I'd like the data beneath this line reproduced exactly, without any of its images.
START Task material
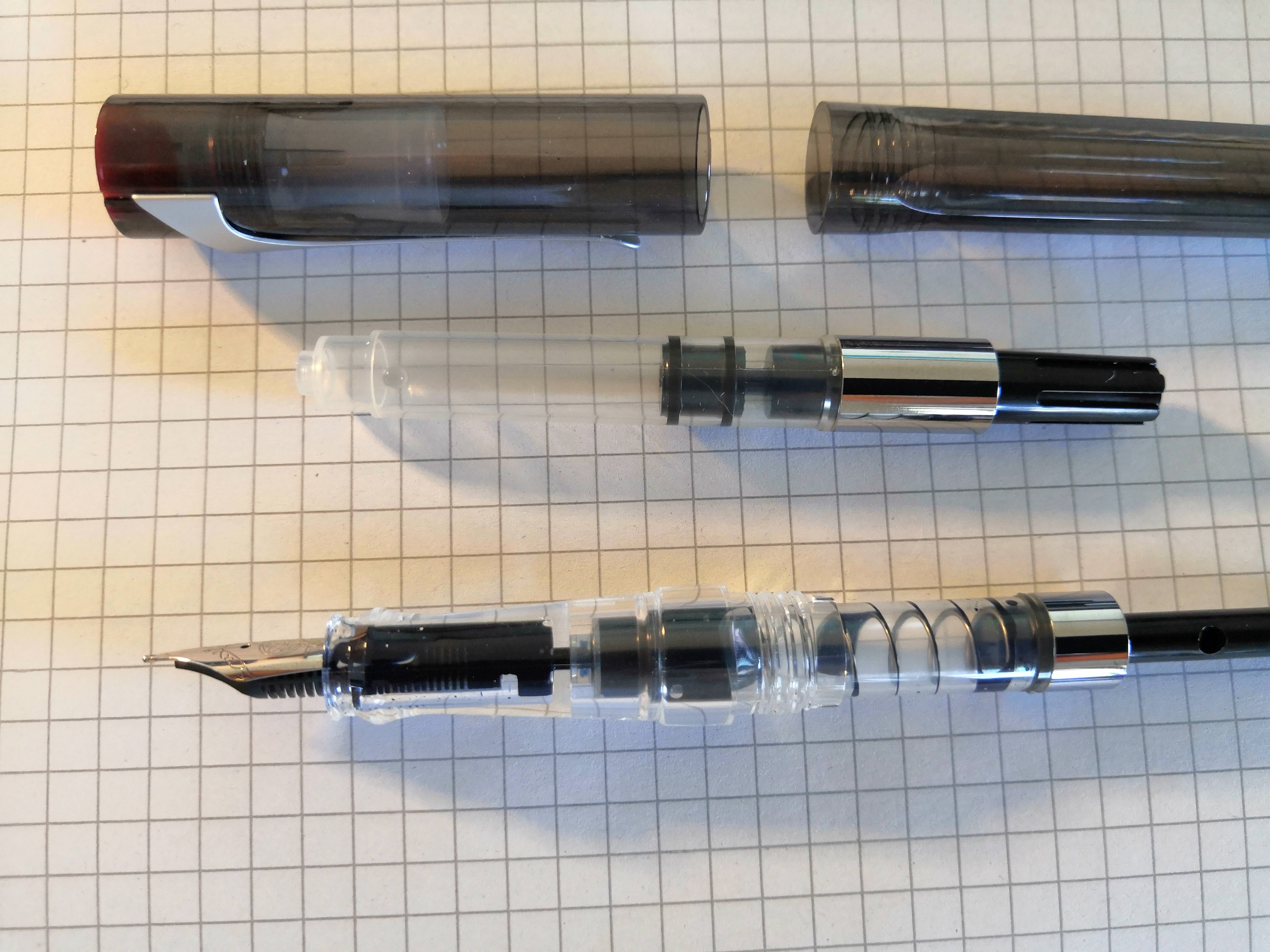Oggi ho potuto ritirare il pacco e ho aperto subito la confezione delle Twsbi. Una con pennino F e l'altra con pennino M. Per il momento ho utilizzato la cartuccia in dotazione, inchiostro nero, molto capiente. Considerazioni: il pennino è all'altezza degli altri, la penna nel suo insieme è un po' leggera avendo il cappuccio e il corpo in normale plastica mentre la sezione è rimasta in policarbonato trasparente. Il costo è di 30 euro ma per sette in più preferisco la Eco a stantuffo.
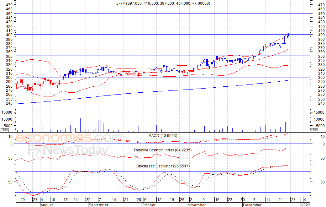 متوقع ان يكون النطاق السعري خلال اليوم الحالي بين مستوى الدعم هو 400 بينما مستوى المقاومة هو 413 فلس
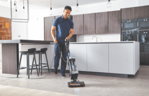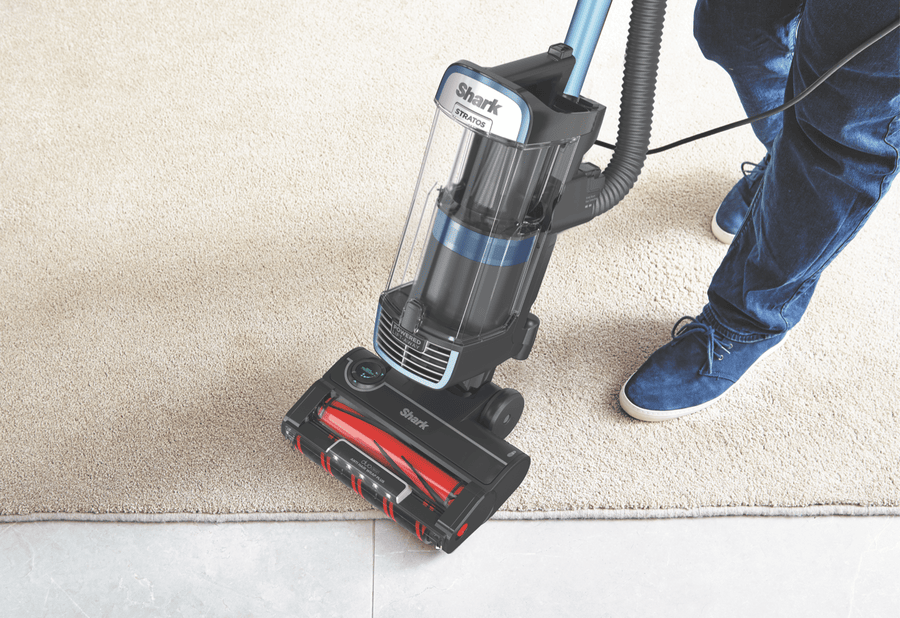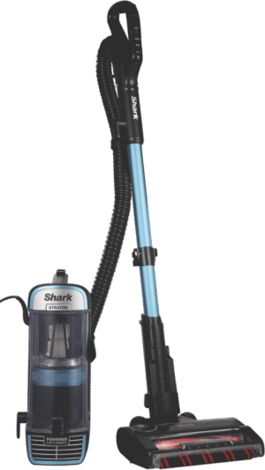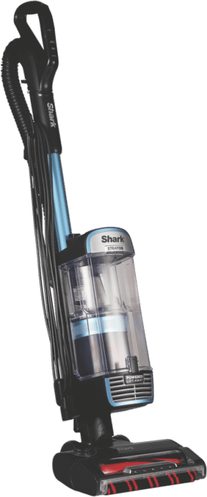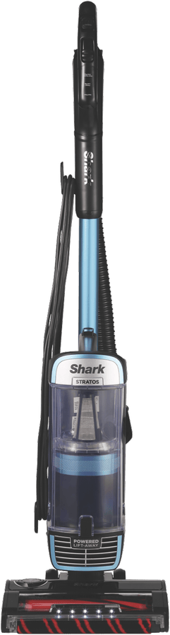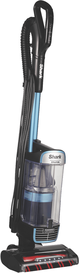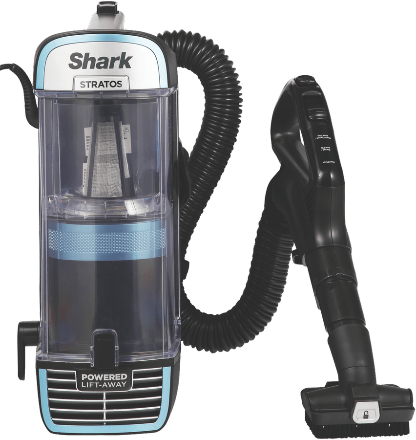 Clean floors and upholstery with ease using the Shark Stratos XL Pet Pro Lift-Away Upright Vacuum in navy blue. This powerful 800-watt bagless upright vacuum makes quick work of embedded dirt, dust and pet hair on carpets, rugs and hard floors throughout your home. The self-cleaning brush roll efficiently removes embedded debris while the HEPA and foam filters trap dust and allergens inside the 1.3-litre dust cup. Detach the canister to easily clean hard-to-reach areas like stairs and upholstery. The crevice tool, multi-surface tool and odour neutralizer help tackle messes in every room. Shark backs this vacuum with a 2-year warranty. The manufacturer’s part number for this product is AZ913. Bring home the Shark Stratos XL Pet Pro today for a deeper clean.
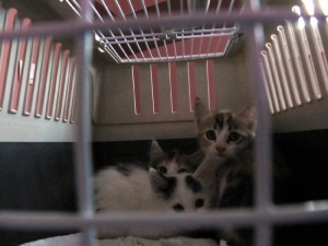 Anderes Thema, aber auch tierisch. Vor etwas mehr als einem Jahr hatte ich hier etwas geschrieben zu einer der wilden Katzen, die es hier zuhauf gibt, die ihre Babies in einem Baumstamm deponiert hatte und dort großzog. Diese Katzenmutter lebt nicht mehr, sie wurde Anfang des Jahres überfahren. Sie war offensichtlich schon recht alt und hörte auch sehr schlecht, wie wir festgestellt hatten. Die Babies sind (natürlich) mittlerweile groß und laufen auch ständig hier herum (und mischen unsere Katzen auf). Die kleine weiße Katze mit dem schwarzen Schwanz, die auf dem obersten der vier Bilder dieses Artikels vom letzten Jahr zu sehen ist, ist nun seit einiger Zeit selbst Mama, und zwar von den dreien hier auf dem Foto. Sie hat ihre Kinder vor dem Haus der Nachbarn unter einer Plane in dem Gerümpelhaufen zur Welt gebracht, den hier – wie wir auch, siehe altes Klo – wohl jeder vor dem Haus liegen hat. Da die Nachbarin die wilden Katzen regelmäßig füttert, fühlte sie sich dort anscheinend wohl (also die Mutterkatze, nicht die Nachbarin). Und das hat sie nun davon: Ihre Kinder wurden heute von den Nachbarn eingefangen. Abnehmer für die Katzenbabies haben sie bereits gefunden. Sie wollen auch versuchen, die Mutter einzufangen, um sie sterilisieren und anschließend wieder frei zu lassen. – Also nicht dass «das das hat sie nun davon» jetzt falsch verstanden wird: Ich finde es absolut gut, dass die Nachbarn das machen. Diese ganzen wilden Katzen hier sind wirklich ein Problem. Als kleinen Beitrag zur Hilfe haben wir ihnen heute wenigstens unsere zwei Katzenkörbe geliehen, da sie keine hatten. Es ist halt nur ein Tropfen auf dem heißen Stein, denn es interessiert nicht viele Leute, was diese Viecher so treiben.
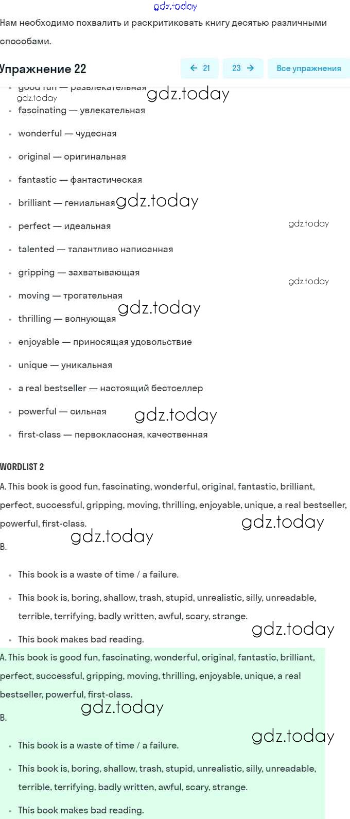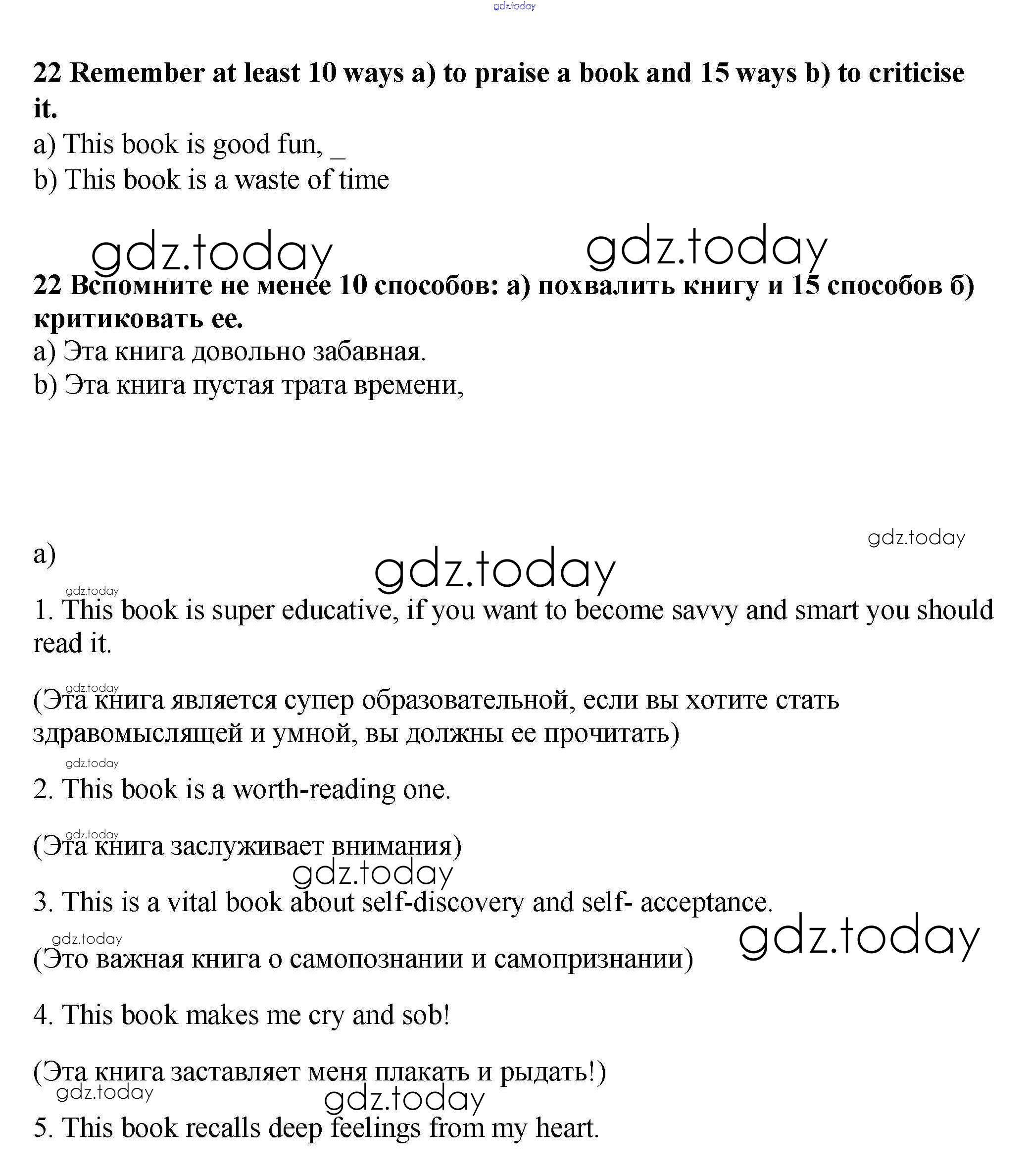 На страницах сайта gdz.today вы найдете учебный и вспомогательный материал, направленный на улучшения знаний школьной программы. ГДЗ - онлайн мир знаний Решение. Unit 2. The Printed Page: Books, Magazines, Newspapers. Pages 30-57 22 Рабочей тетради по Английскому языку для 9 класса Афанасьева, Михеева Дрофа Rainbow 2016
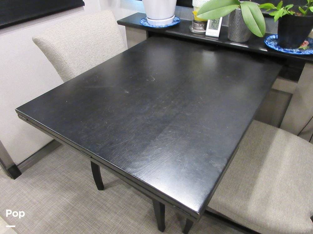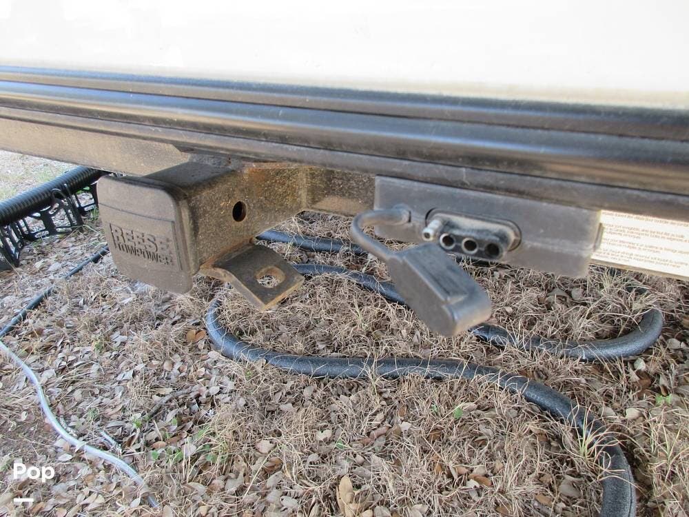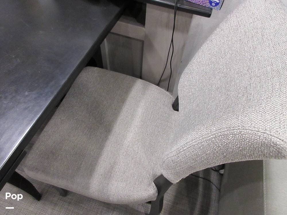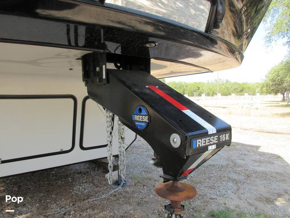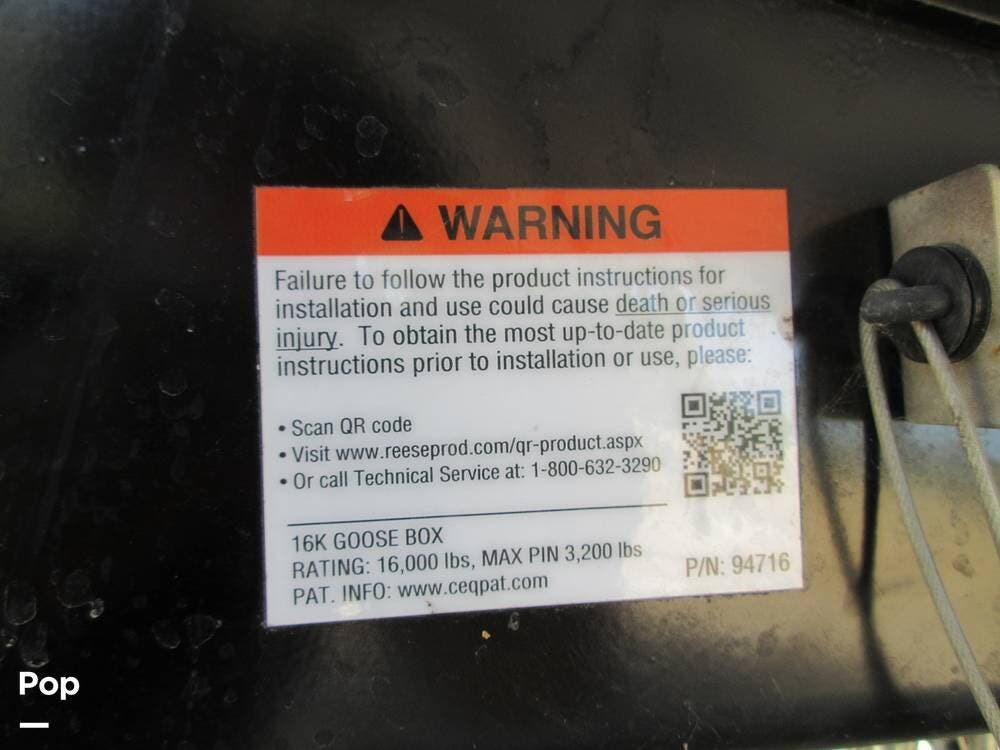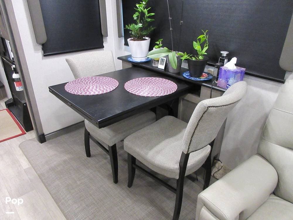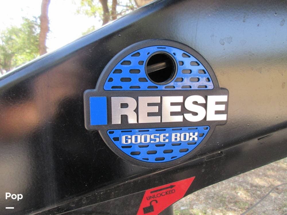 Extras include a central vacuum system, a backup camera, two extra dining chairs, and more. This RV has a Reese Goose Box hitch installed for towing. However, the original fifth-wheel hitch is also available if you prefer that option.
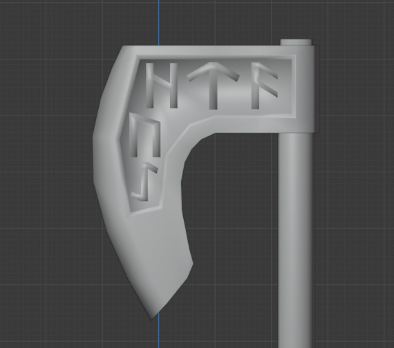 For this week, my goal was to model an axe with barbaric/viking/germanic style. I therefore put some runes in an inset on the blade and added some leather straps around the axe head and the shaft. I decided not to add any dings, dongs or scratches to the axe since I want it in a pristine state.
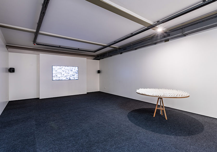 Yerleştirmenin dairesel formu ve videonun başlangıçla son arasındaki kesintisiz akışı, dilin kendi döngüselliğine işaret ediyor. İzleyici, bu döngünün merkezine bedenini yerleştirerek zamanın kırılmalarını ölçerken, harflerin mekânda oluşturduğu sınırları aşan sesleri de takip ediyor. Her harf kendi alfabesinden kopuk görünse de diğer harflerle paylaştığı ortak titreşim yeni bir düşünme alanı açıyor.
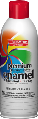 Champion Sprayon® quick-drying, multi-purpose enamels for interior and exterior use provide superior coverage, durability, and a rust-resistant finish. Resist chipping and peeling.
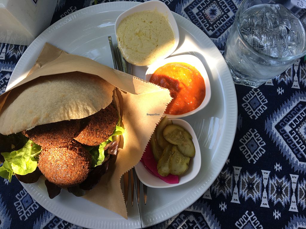 The food we ate here was delicious, especially with all the side sauces and pickled vegetables on the side. Fresh salad and very yummy falafel. When you order the platter or falafel salad you choose 2 sauces and 2 pickles. We suggest getting the harissa if you like spice and the tahini and tzatziki was amazing! Lovely atmosphere, good service and good value.
END Task material
- _Worked solution_
Oggi ho potuto ritirare il pacco e ho aperto subito la confezione delle Twsbi. Una con pennino F e l'altra con pennino M. Per il momento ho utilizzato la cartuccia in dotazione, inchiostro nero, molto capiente. Considerazioni: il pennino è all'altezza degli altri, la penna nel suo insieme è un po' leggera avendo il cappuccio e il corpo in normale plastica mentre la sezione è rimasta in policarbonato trasparente. Il costo è di 30 euro ma per sette in più preferisco la Eco a stantuffo.
 متوقع ان يكون النطاق السعري خلال اليوم الحالي بين مستوى الدعم هو 400 بينما مستوى المقاومة هو 413 فلس
 Clean floors and upholstery with ease using the Shark Stratos XL Pet Pro Lift-Away Upright Vacuum in navy blue. This powerful 800-watt bagless upright vacuum makes quick work of embedded dirt, dust and pet hair on carpets, rugs and hard floors throughout your home. The self-cleaning brush roll efficiently removes embedded debris while the HEPA and foam filters trap dust and allergens inside the 1.3-litre dust cup. Detach the canister to easily clean hard-to-reach areas like stairs and upholstery. The crevice tool, multi-surface tool and odour neutralizer help tackle messes in every room. Shark backs this vacuum with a 2-year warranty. The manufacturer’s part number for this product is AZ913. Bring home the Shark Stratos XL Pet Pro today for a deeper clean.
 Anderes Thema, aber auch tierisch. Vor etwas mehr als einem Jahr hatte ich hier etwas geschrieben zu einer der wilden Katzen, die es hier zuhauf gibt, die ihre Babies in einem Baumstamm deponiert hatte und dort großzog. Diese Katzenmutter lebt nicht mehr, sie wurde Anfang des Jahres überfahren. Sie war offensichtlich schon recht alt und hörte auch sehr schlecht, wie wir festgestellt hatten. Die Babies sind (natürlich) mittlerweile groß und laufen auch ständig hier herum (und mischen unsere Katzen auf). Die kleine weiße Katze mit dem schwarzen Schwanz, die auf dem obersten der vier Bilder dieses Artikels vom letzten Jahr zu sehen ist, ist nun seit einiger Zeit selbst Mama, und zwar von den dreien hier auf dem Foto. Sie hat ihre Kinder vor dem Haus der Nachbarn unter einer Plane in dem Gerümpelhaufen zur Welt gebracht, den hier – wie wir auch, siehe altes Klo – wohl jeder vor dem Haus liegen hat. Da die Nachbarin die wilden Katzen regelmäßig füttert, fühlte sie sich dort anscheinend wohl (also die Mutterkatze, nicht die Nachbarin). Und das hat sie nun davon: Ihre Kinder wurden heute von den Nachbarn eingefangen. Abnehmer für die Katzenbabies haben sie bereits gefunden. Sie wollen auch versuchen, die Mutter einzufangen, um sie sterilisieren und anschließend wieder frei zu lassen. – Also nicht dass «das das hat sie nun davon» jetzt falsch verstanden wird: Ich finde es absolut gut, dass die Nachbarn das machen. Diese ganzen wilden Katzen hier sind wirklich ein Problem. Als kleinen Beitrag zur Hilfe haben wir ihnen heute wenigstens unsere zwei Katzenkörbe geliehen, da sie keine hatten. Es ist halt nur ein Tropfen auf dem heißen Stein, denn es interessiert nicht viele Leute, was diese Viecher so treiben.
 На страницах сайта gdz.today вы найдете учебный и вспомогательный материал, направленный на улучшения знаний школьной программы. ГДЗ - онлайн мир знаний Решение. Unit 2. The Printed Page: Books, Magazines, Newspapers. Pages 30-57 22 Рабочей тетради по Английскому языку для 9 класса Афанасьева, Михеева Дрофа Rainbow 2016
 Extras include a central vacuum system, a backup camera, two extra dining chairs, and more. This RV has a Reese Goose Box hitch installed for towing. However, the original fifth-wheel hitch is also available if you prefer that option.
 For this week, my goal was to model an axe with barbaric/viking/germanic style. I therefore put some runes in an inset on the blade and added some leather straps around the axe head and the shaft. I decided not to add any dings, dongs or scratches to the axe since I want it in a pristine state.
 Yerleştirmenin dairesel formu ve videonun başlangıçla son arasındaki kesintisiz akışı, dilin kendi döngüselliğine işaret ediyor. İzleyici, bu döngünün merkezine bedenini yerleştirerek zamanın kırılmalarını ölçerken, harflerin mekânda oluşturduğu sınırları aşan sesleri de takip ediyor. Her harf kendi alfabesinden kopuk görünse de diğer harflerle paylaştığı ortak titreşim yeni bir düşünme alanı açıyor.
 Champion Sprayon® quick-drying, multi-purpose enamels for interior and exterior use provide superior coverage, durability, and a rust-resistant finish. Resist chipping and peeling.
 The food we ate here was delicious, especially with all the side sauces and pickled vegetables on the side. Fresh salad and very yummy falafel. When you order the platter or falafel salad you choose 2 sauces and 2 pickles. We suggest getting the harissa if you like spice and the tahini and tzatziki was amazing! Lovely atmosphere, good service and good value.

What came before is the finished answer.